# Problem
Output the data below only from the line containing "You have to" up to and including the line containing "Završili smo radionicu", exact and with the pictures left out.

# Data to use
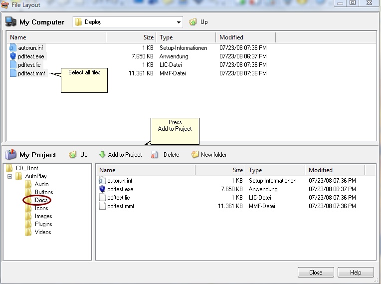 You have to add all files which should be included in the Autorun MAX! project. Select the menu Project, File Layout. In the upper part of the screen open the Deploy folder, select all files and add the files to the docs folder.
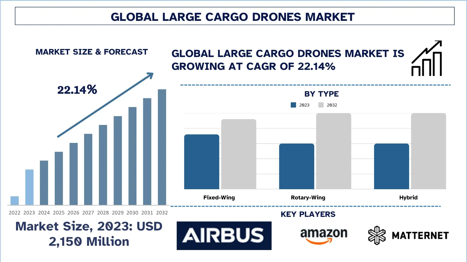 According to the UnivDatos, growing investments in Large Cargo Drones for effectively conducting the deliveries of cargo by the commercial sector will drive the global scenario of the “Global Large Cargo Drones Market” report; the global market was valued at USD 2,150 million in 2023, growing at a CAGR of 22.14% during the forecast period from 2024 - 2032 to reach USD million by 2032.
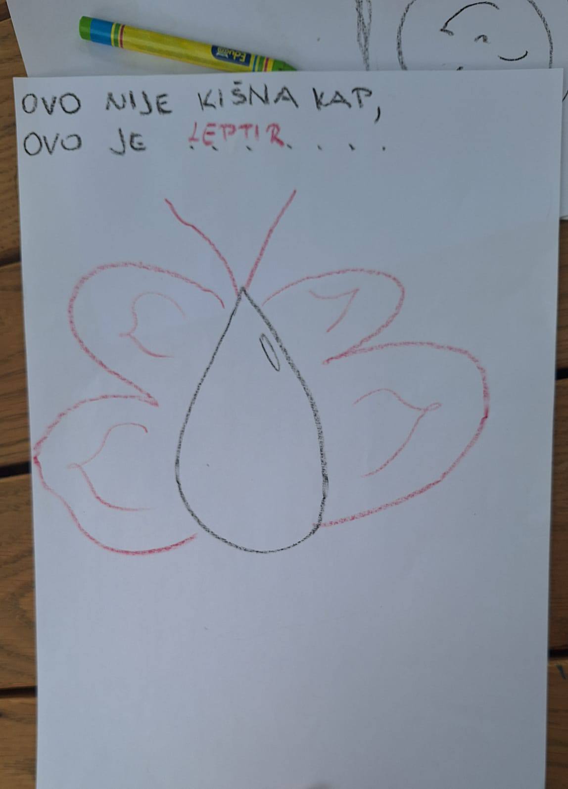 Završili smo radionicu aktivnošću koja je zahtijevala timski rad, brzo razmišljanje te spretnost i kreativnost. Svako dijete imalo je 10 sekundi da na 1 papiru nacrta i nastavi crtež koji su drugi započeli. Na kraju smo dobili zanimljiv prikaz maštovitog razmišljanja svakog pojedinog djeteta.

* * *

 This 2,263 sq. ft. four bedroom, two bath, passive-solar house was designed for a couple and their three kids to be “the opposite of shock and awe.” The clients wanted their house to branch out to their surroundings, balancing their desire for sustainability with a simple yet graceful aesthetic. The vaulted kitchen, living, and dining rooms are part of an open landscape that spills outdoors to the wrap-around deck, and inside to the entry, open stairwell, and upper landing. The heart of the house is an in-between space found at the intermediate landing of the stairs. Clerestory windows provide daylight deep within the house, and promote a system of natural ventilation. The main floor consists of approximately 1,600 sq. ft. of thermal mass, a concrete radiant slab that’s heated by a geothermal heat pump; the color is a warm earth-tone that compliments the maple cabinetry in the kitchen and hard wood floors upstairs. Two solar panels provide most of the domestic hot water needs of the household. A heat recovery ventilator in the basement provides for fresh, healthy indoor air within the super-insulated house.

# Task result
 You have to add all files which should be included in the Autorun MAX! project. Select the menu Project, File Layout. In the upper part of the screen open the Deploy folder, select all files and add the files to the docs folder.
 According to the UnivDatos, growing investments in Large Cargo Drones for effectively conducting the deliveries of cargo by the commercial sector will drive the global scenario of the “Global Large Cargo Drones Market” report; the global market was valued at USD 2,150 million in 2023, growing at a CAGR of 22.14% during the forecast period from 2024 - 2032 to reach USD million by 2032.
 Završili smo radionicu aktivnošću koja je zahtijevala timski rad, brzo razmišljanje te spretnost i kreativnost. Svako dijete imalo je 10 sekundi da na 1 papiru nacrta i nastavi crtež koji su drugi započeli. Na kraju smo dobili zanimljiv prikaz maštovitog razmišljanja svakog pojedinog djeteta.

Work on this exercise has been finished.